**ENTRIES SHOWN:**
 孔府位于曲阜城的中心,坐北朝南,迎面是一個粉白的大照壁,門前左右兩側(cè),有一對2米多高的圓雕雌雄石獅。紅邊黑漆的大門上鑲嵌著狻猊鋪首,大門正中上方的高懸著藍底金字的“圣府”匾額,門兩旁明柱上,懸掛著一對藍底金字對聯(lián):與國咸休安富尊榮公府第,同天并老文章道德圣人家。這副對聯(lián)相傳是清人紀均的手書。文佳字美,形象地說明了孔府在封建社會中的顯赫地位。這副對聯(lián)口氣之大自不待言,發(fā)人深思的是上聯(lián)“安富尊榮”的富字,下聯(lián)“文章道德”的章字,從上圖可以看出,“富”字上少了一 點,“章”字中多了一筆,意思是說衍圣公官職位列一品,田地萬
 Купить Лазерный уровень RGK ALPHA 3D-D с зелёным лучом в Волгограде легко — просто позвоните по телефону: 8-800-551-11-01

...

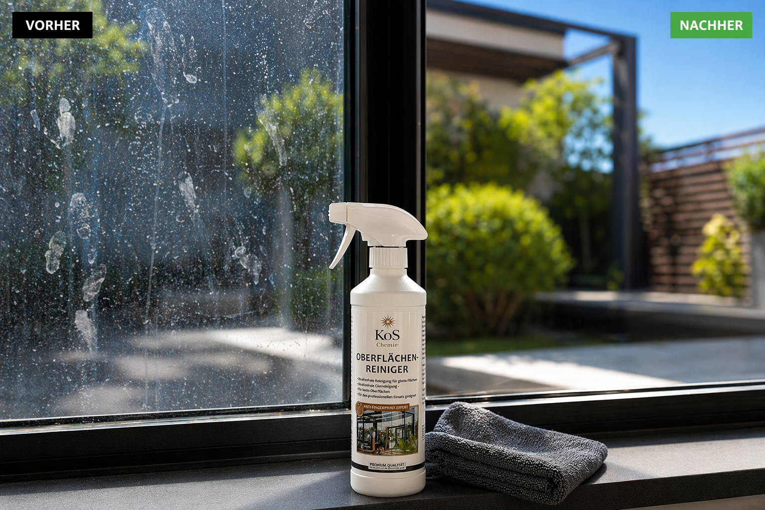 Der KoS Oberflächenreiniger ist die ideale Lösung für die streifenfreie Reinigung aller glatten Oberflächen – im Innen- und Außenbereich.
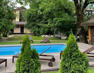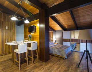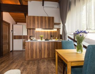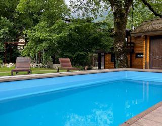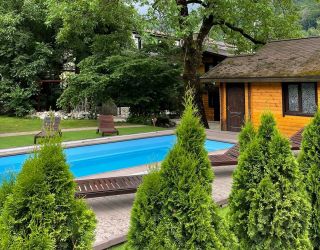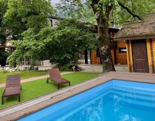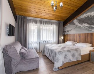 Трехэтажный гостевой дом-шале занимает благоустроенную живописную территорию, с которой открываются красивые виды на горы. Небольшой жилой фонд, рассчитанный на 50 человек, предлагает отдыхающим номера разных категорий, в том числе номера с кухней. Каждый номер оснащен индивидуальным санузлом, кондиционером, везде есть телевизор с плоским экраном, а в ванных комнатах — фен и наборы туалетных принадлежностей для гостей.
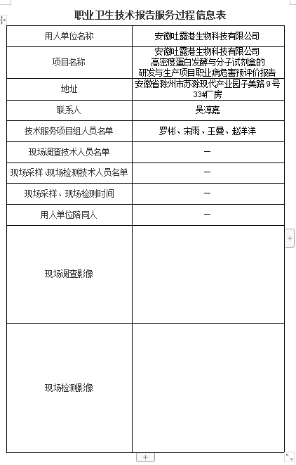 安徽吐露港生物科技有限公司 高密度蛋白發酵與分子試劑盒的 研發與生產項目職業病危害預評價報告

**ASSIGNED TASK:**
Among the entries above, copy exactly only the lines starting with the one containing "孔府位于曲阜城的中心,坐北朝" and going through the one containing "Купить Лазерный уровень", both ends included.

**SOLVED EXERCISE:**
 孔府位于曲阜城的中心,坐北朝南,迎面是一個粉白的大照壁,門前左右兩側(cè),有一對2米多高的圓雕雌雄石獅。紅邊黑漆的大門上鑲嵌著狻猊鋪首,大門正中上方的高懸著藍底金字的“圣府”匾額,門兩旁明柱上,懸掛著一對藍底金字對聯(lián):與國咸休安富尊榮公府第,同天并老文章道德圣人家。這副對聯(lián)相傳是清人紀均的手書。文佳字美,形象地說明了孔府在封建社會中的顯赫地位。這副對聯(lián)口氣之大自不待言,發(fā)人深思的是上聯(lián)“安富尊榮”的富字,下聯(lián)“文章道德”的章字,從上圖可以看出,“富”字上少了一 點,“章”字中多了一筆,意思是說衍圣公官職位列一品,田地萬
 Купить Лазерный уровень RGK ALPHA 3D-D с зелёным лучом в Волгограде легко — просто позвоните по телефону: 8-800-551-11-01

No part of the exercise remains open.